To introduce change in the NLR in daily clinical practice, it is necessary to set the optimal cutoff value for change in the NLR. In the present study, we set the cutoff value of change in NLR as 0.762 according to the 1-, 3-, and 5-year survival rates. Previously, several cutoff values of change in NLR have been reported. Wang et al. set the cutoff value at 4.62, while Wang et al. set it at 1.75 [16, 17]. These differences might be due to the following reasons. First, the number of patients and background factors were different. Our study (n = 450) evaluated patients with resectable gastric cancer, including stage I to III disease, Wang et al. evaluated unresectable gastric cancer (n = 120), and Liu et al. evaluated advanced gastric cancer (n = 111). Second, the methods used to evaluate change in the NLR were different. Our study evaluated the cutoff value of change in the NLR according to the patient’s survival rate, while other studies evaluated the cutoff value of change in the NLR according to receiver operating characteristic curves. One of the best ways to detect the cutoff value of cNLR is using ROC curve. We used ROC curve to detect the cutoff value of cNLR in the present study (data not shown). However, we did not detect the optimal cutoff value of cNLR. Instead, we determined the cutoff value considering the point which separates the survival. The 5-year survival rate was clearly separated by cNLR at 0.762. Therefore, we set the cutoff value at 0.762. Our study suggested that increased NLR during perioperative periods seemed to have poor prognosis. The appropriate cutoff value should be determined in the other validation studies.

The present study was associated with some limitations. First, this was a retrospective study with a relatively small sample size from a single institution. Thus, there may have been a selection bias. Second, there may have been a time bias in the present study. Our study included data from 2012 to 2017. During this period, perioperative care and perioperative adjuvant treatment were improved.
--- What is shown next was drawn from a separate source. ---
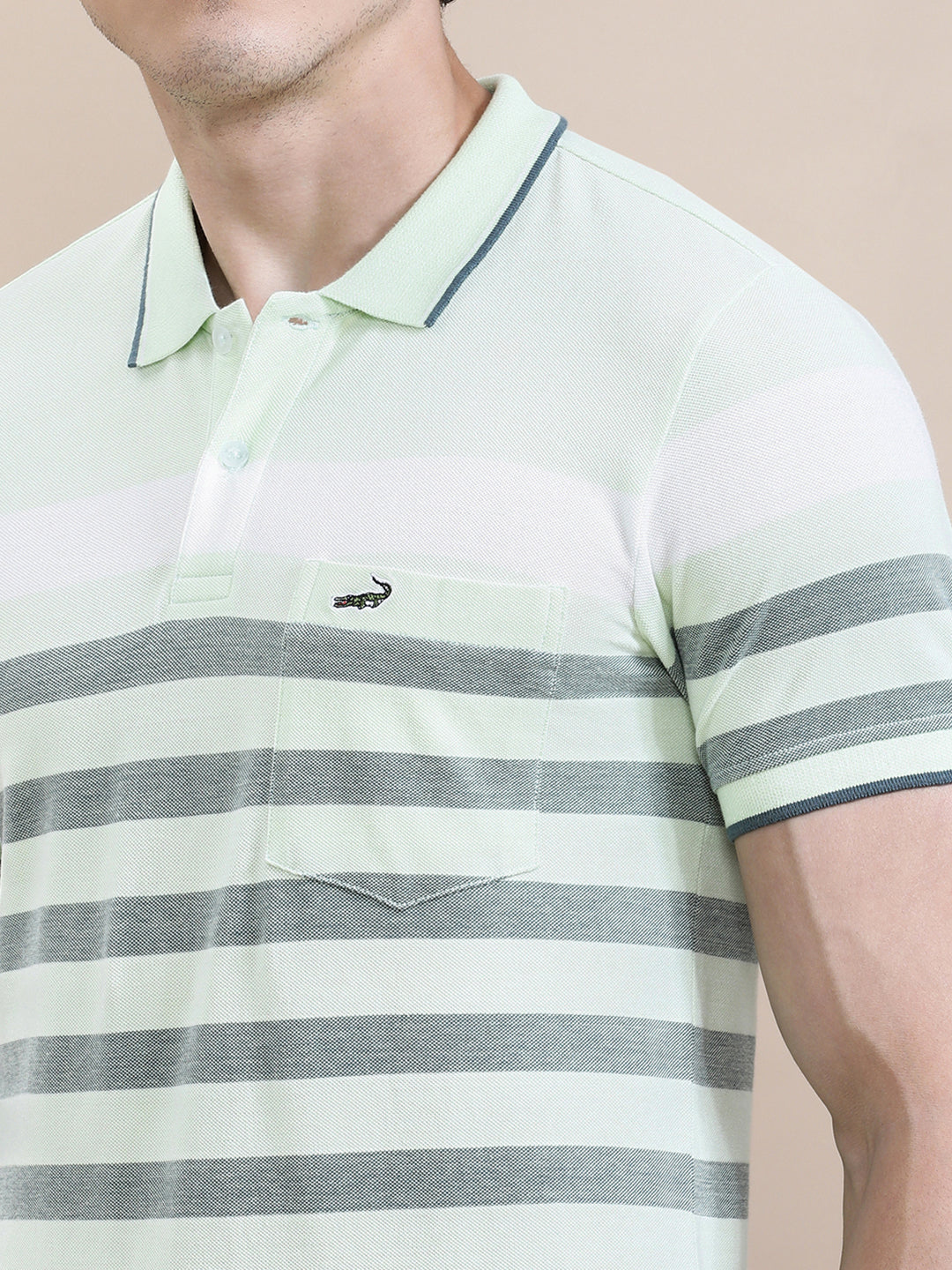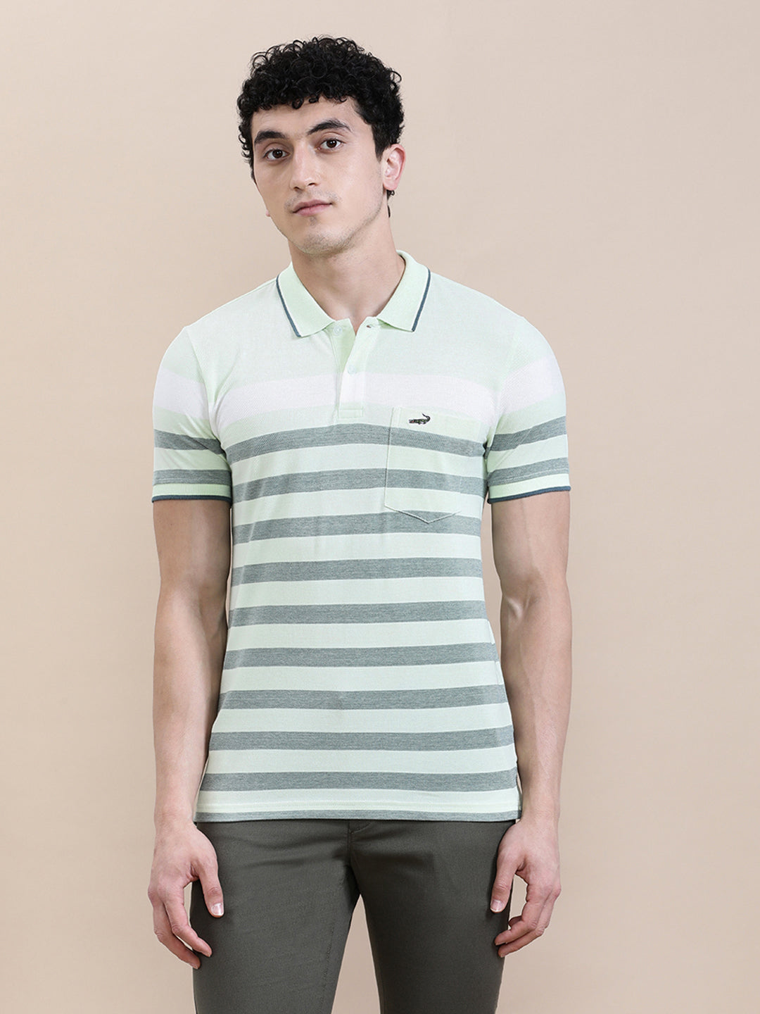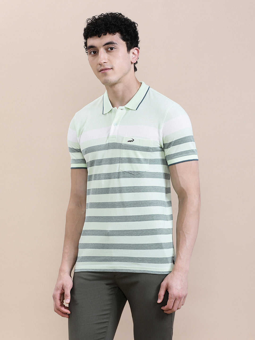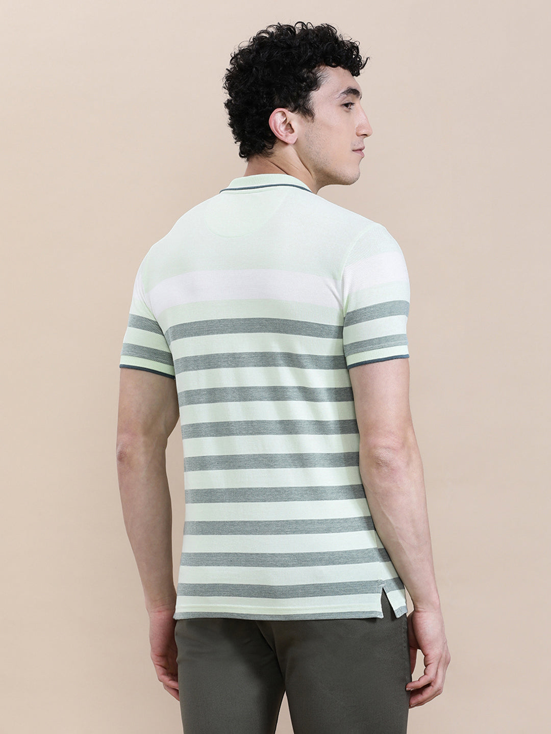Green Birdseye Engineered Stripe Slim Fit Polo

Third, in the present study, the incidence of other causes of death was significantly higher in the increased cNLR group than in the decreased cNLR group. However, the precise mechanism underlying this issue is unclear. Considering these factors, our results need to be validated in another large cohort.

In conclusion, the cNLR is one of the significant risk factors in gastric cancer patients. Our results suggested that the changes of inflammation status during perioperative periods might be a promising prognostic factor for gastrointestinal cancer patients.